Posted by Neal Lipschutz on November 24, 2010
Central Banks, Congress, Economy, Federal Reserve, Media, United States, Washington / Comments Off

In a development that might seem mundane, but would have been unimaginable not all that long ago, the Federal Reserve talked about the chairman hosting press conferences.

The once secretive central bank has come to this, the possibility that Chairman Ben Bernanke would expose himself to the hurly burly of questions from members of the media.  It was in the working life of this columnist that even changes in Federal Reserve monetary policy weren’t publicly announced. They were divined from market activity.

If Bernanke press conferences became a reality, some questions would be pointed. Some would be uninformed. The answers likely would stay obscure to most citizens.

Still, it’s a great idea.

There’s no guarantee the Fed will get there. In meeting minutes released Tuesday, the topic of press briefings was referenced. The subject was addressed in a video conference of Fed policy makers on Oct. 15.

All the minutes say is this: “Participants discussed whether it might be useful for the Chairman to hold occasional presss briefings to provide more detailed information to the public regarding the Committee’s assessment of the outlook and its policy decisionmaking than is included in (the) Committee’s short post-meeting statements.”

The Committeee is the rate-setting Federal Open Market Committee.

This special Oct. 15 video conference was described in a phrase that would make any corporate bureaucrat proud. There was no chance for that meeting to fail to accomplish. Communications issues and the pros and cons of setting a target for a term interest rate were discussed. The quote is this: “The agenda did not contemplate any policy decisions and none were taken.”

Back to the press conference idea. They should be more frequent than simply occasional, the theoretical time frame mentioned in the minutes. The Fed is a mystery to most people. Some think such economic power in the hands of independent and unelected officials is out of step with democratic institutions. Bernanke press conferences would help demystify the Fed and make it more democratic.

Like it or not, The Fed and its policies already are fodder in the political arena. The latest bond-buying plan to stimulate the economy earned the ire of a number of Republican lawmakers. In the run-up to new financial services regulation, a Democrat-controlled Congress mulled clipping the Fed’s regulatory wings and threatened its monetary policy independence. Nothing ultimaately happened there (the Fed got increased regulatory powers).

But clearly, there have been politics surrounding the Fed on both sides of the aisle.

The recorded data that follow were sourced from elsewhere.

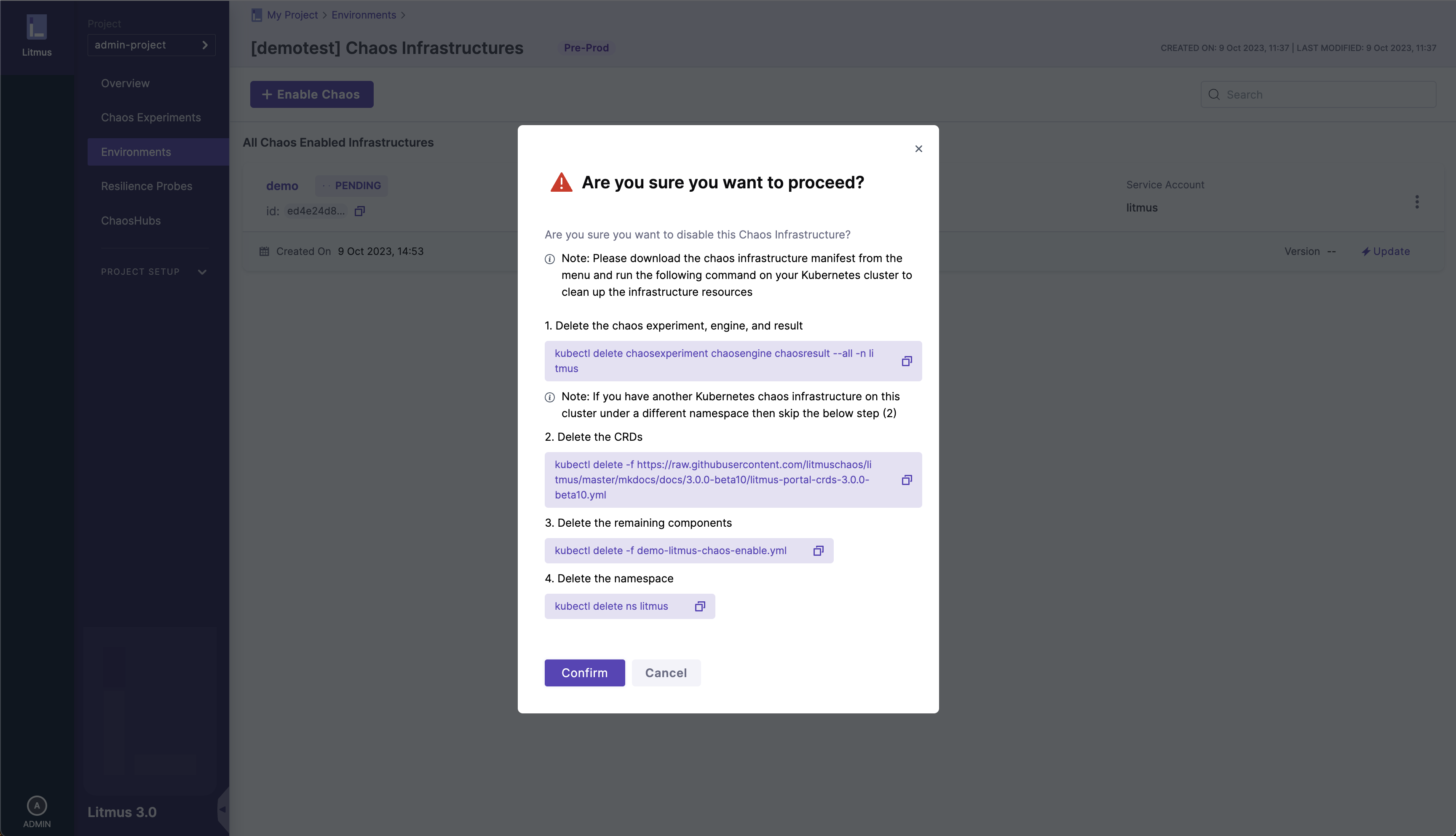 2. Confirm Infrastructure deletion​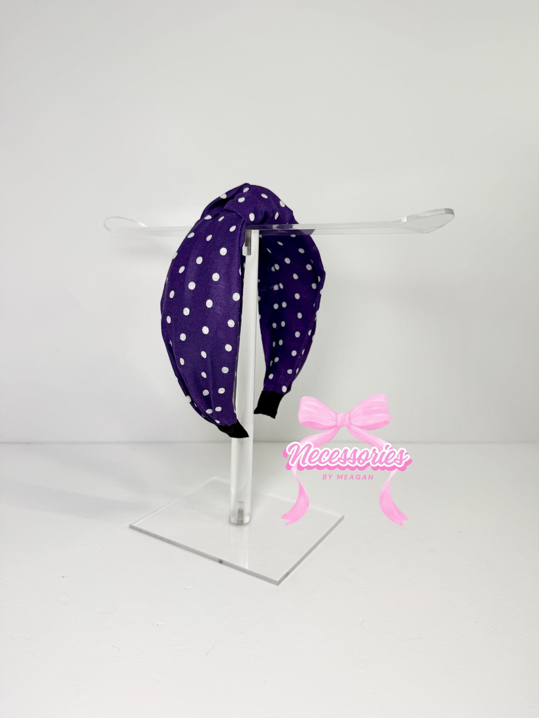 Brighten up your hair game with our Purple & White Polka Dot Knotted Headband! This fun and playful accessory features a vibrant purple fabric sprinkled with classic white polka dots — a timeless pattern that never goes out of style. The knotted detail on top adds extra charm and volume, giving you an effortlessly cute look whether you’re dressing up or keeping it casual.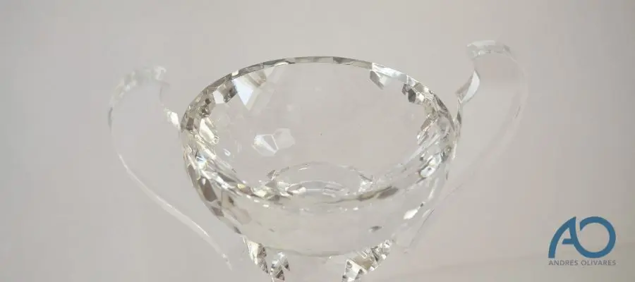 - Cristal óptico: es el más utilizado para trofeos de alta gama. Su principal característica es que carece de impurezas y burbujas, ofreciendo una transparencia absoluta y una capacidad de refractar la luz que crea destellos brillantes.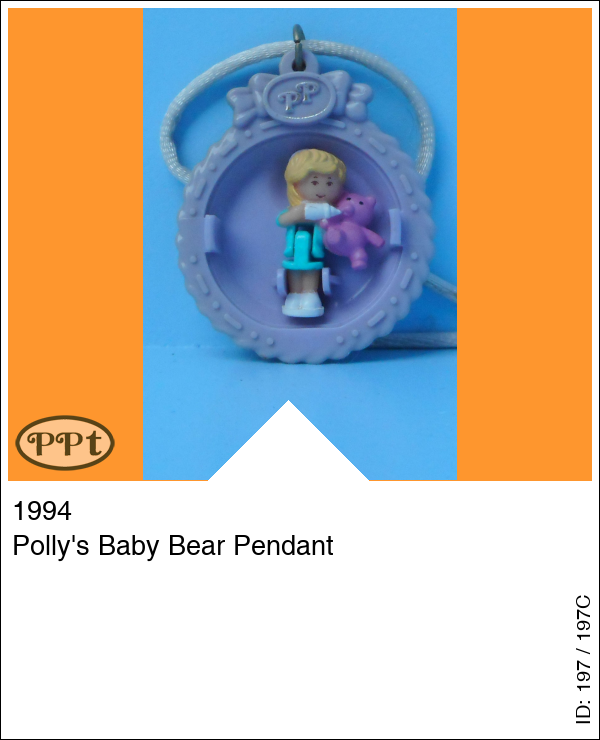 Polly's Baby Bear PendantUpdate: 17-02-2023 Een halsketting met aan de buitenkant van het geel/paarse doosje een roze berengezichtje en binnenin zit Polly met een beertje in haar armen en ze geeft de fles.

Press conferences could help by increasing the Fed’s standing with the public, or some interested portion of it. If you wind up in Rome, do as the Romans do. Find a lectern and state your case. Take on the questions and defend your positions. Get your sound bites distributed far and wide.

Bernanke and his like-minded colleagues have mounted a decent defense of the $600 billion Treasury securities buying plan through public appearances and in speech texts. Adding press conferences makes sense as a next step.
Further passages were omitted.